Yaşananları abartmaya alışmış bir toplumuz…
Değişmiyoruz…
Bu arada, provokasyon amaçlı söylentilere yaygınlık kazandırmak suretiyle girişimi haklı göstermeye çalışanlar da olabileceğini düşünmeliyiz.
Bu ihtimal de endişelenmemize yol açıyor…
Bunlara da dikkat diyoruz!
…………………..
Bire bin katmayalım ve olanı biteni saptırmayalım..
Kalkışmanın bütün ayrıntıları sorgulamalarla yargı tarafından saptanacak. Oradan, yani resmi ağızlardan bilgilendirme gelmedikçe konuya abartılar yaparak müdahil olmaya kalkanların da amacından kuşku duymak lâzım…
………………….
Soruşturma ve yargılama sürecinde göreceksiniz yargı titiz, dikkatli ve hakkaniyetli olacak; bundan kimsenin kuşkusu olmasın…
Yalnız bir hususa tekrar parmak basmak istiyorum; kurunun yanında yaşı da yakmayalım. Kim neye müstahaksa onu yaşamalı…
………………….
Kalkışmanın temel felsefesini saklayamadılar ve deşifre oldular. Yaygın hale getirmeye çalıştıkları temel felsefe “Gülen mehdi, Erdoğan deccal” biçimindeki sapkın düşünce, belli ki hepsi onu sahiplenmiş…
Anlaşılan bu sapkın düşünce, darbecilerin düsturu olmuş…
Başka bütün nedenler herhalde teferruat…
…………………..
Darbeci amacın demokrasiyi tamir etmek, onu çağdaş normlara kavuşturmak, özgürlükleri kullanılır hale getirmek, hukukun üstünlüğünü tesis etmek ve ülkenin dış itibarını sağlamak olmadığı anlaşıldı…
Amaç, Cumhurbaşkanı Recep Tayyip Erdoğan‘ı ortadan kaldırmak ve AKP iktidarına son vermekti.
Silahları bunun için kullandılar…
Benzerliğe bakın; Amerika da Irak’a girerek sözde demokrasiyi getirecekti. Saddam’ı bu amaçla devirdiler ama o söylediklerini yapamadılar.
Bugün Irak’ta demokrasi yok, mezheplerin çarpışması var…
…………………..
Darbe girişiminin şekline ve yaşanan gelişmelere bakılırsa kalkışmanın bir hedefi de doğrudan Türk Silahlı Kuvvetleri idi. Darbecilerin ordunun bütün kademelerini ele geçirmeyi hedefledikleri ortaya çıktı…

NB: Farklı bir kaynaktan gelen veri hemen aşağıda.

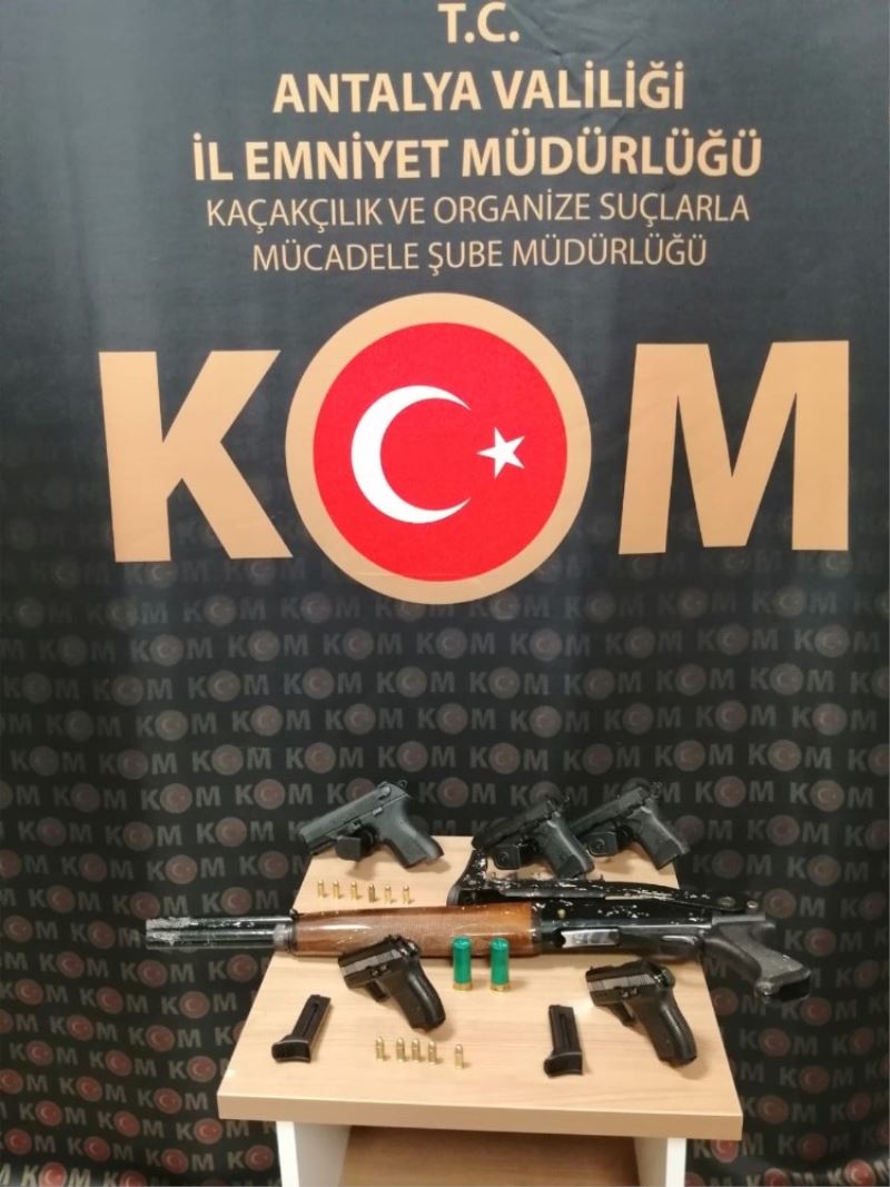 Antalya Cumhuriyet Başsavcılığı koordinesinde, Kaçakçılık ve Organize Suçlarla Mücadele Şube Müdürlüğü tarafından yapılan iki farklı operasyonda ruhsatsız tabanca getirip piyasaya sürerek silah ticareti yapan 3 kişi gözaltına alındı. Toplam 5 adet farklı model ve çapta tabanca, bu tabancalara ait şarjör, 11 adet tabanca mermisi, 1 adet katlanabilir dipçikli otomatik yivsiz av tüfeği ve 2 adet av fişeği ele geçirildi, dijital materyallere el konuldu.

Belgeler bulundu, birinde darbeciler arası görev taksimi yer alıyordu…
…………………..
Anlaşılan o belgelerin gereğini yapmak için de Genelkurmay Başkanı Orgeneral Akar ile Genelkurmay 2. Başkanı Orgeneral Güler‘i ve karargâhtaki diğer general ve komutanları derdest etmeye çalışmışlar.
Sıcağı sıcağına yaydıkları asılsız bilgilerden biri deOrgeneral Yaşar Güler‘e ilişkin; sözde paşa kendi saflarındaymış…
Öyle olmadığını kainatın bilmesini umursamadılar ve güçlü gözükmek için bu varsaymayı kullanmaya kalktılar…
Sonuç fiyasko…
Bu arada şunu da kaydediyorum; kalkışmanın silahlı kuvvetleri hedef alması da, Türk askerlik tarihinde emsali yaşanmamış bir ihanettir…
Hainler, bu ihanetin de hesabını vermelidir!
Fren yaptıran uyarı
—————————————–
SAPIR sapır dökülüyorlar. Kamuya sızmış olan cemaatçiler, devlet ve toplum hayatımızın bütün değerlerine saldırdıktan sonra tamamen dışlandı.
Yakasına yapışılmadık paralelci bırakılmıyor…
……………………….
Darbeci mi, paralelci mi ne halt iseler, hainlerin kötü emellerini önlemeye çalışanların başında Genelkurmay Başkanı Akar‘dan sonra gelen üst düzey ikinci isim Orgeneral Yaşar Güler…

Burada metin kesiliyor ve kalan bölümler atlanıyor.